The album’s themes of reunion and renewal are apparent from track one, “Háromszorra Jövök Össze” (Hungarian for “I come together in three parts”). Soothing insect chirps recorded at Mede’s parents’ house form the background for digitally treated vocals a la Forest Swords. Then, Mede reads a poem in Hungarian, each line of which is repeated by her sister. Suddenly, everything drops away except for a beautiful a cappella harmony made up of Mede’s layered vocals, the power of her voice expressing the peace she has found in home, family, and self-expression.

Mede enlisted UK electronic musicians Dialect and Lung Dart to co-produce on Szabads​​​á​​​g, lending many of its songs a cutting-edge sheen. For instance, “Spolu,” a collaboration with Dialect, is reminiscent of early Burial with its pitch-shifting of Mede’s vocals to unnaturally high and low registers and its off-kilter, bass-driven beat. That these techniques sit comfortably within Mede’s folk influences is testimony to her compositional instincts. “Interlude II” features a clean recording of the dancing of Slovak-Hungarian folk group Ifjú Szívek which sounds just as natural chopped and edited among ghostly processed voices on “Interlude III.” Mede’s voice itself is influenced by Hungarian folk singer Márta Sebestyén, especially on tracks that leave her vocals untreated, like “Sloboda” and “Gyöngyvirág.”

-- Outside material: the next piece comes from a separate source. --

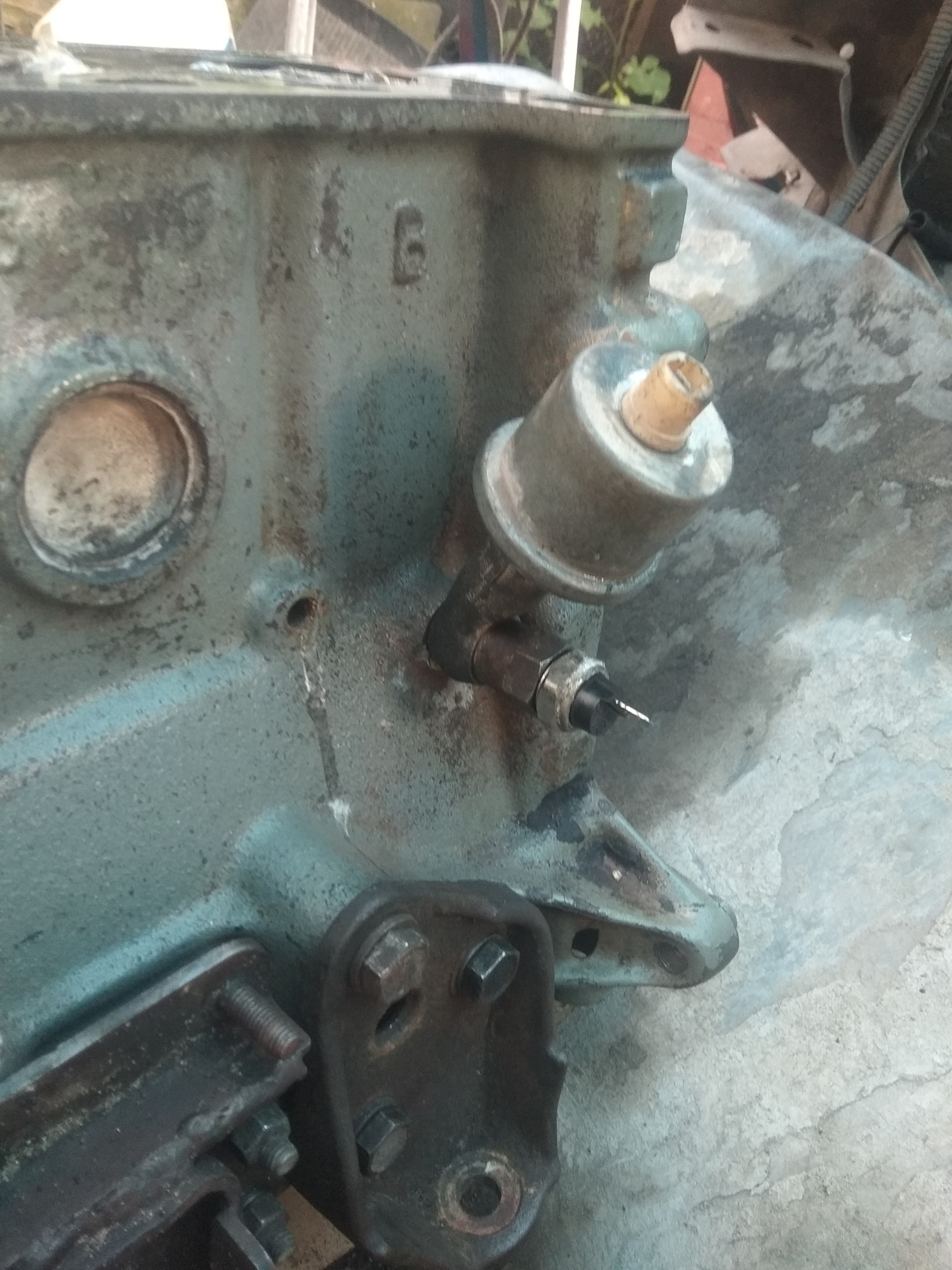 Прокладку под колокол вырубил из старой картонной папки. Додумались блин в воскресенье выходной сделать в автомаге. Шпильки под РЦС естественно посадил на фиксатор.Поставил коробку, мотор, на мотор сапун и помпу прикрутил ещё до установки.

Though she is early in her career, Mede’s musical journey has been a long one. After distancing herself from local folk traditions to immerse herself in electronic production, she has returned to her first cultural touchstones as the foundation for her work. As Mede explains, “When I was younger I rebelled against folk music. My parents asked if I was going to do folk songs, and I was like, ‘No, I want to do hip-hop.’” With Szabads​​​á​​​g, she does neither; instead, she draws from a panoply of genres to make something entirely her own.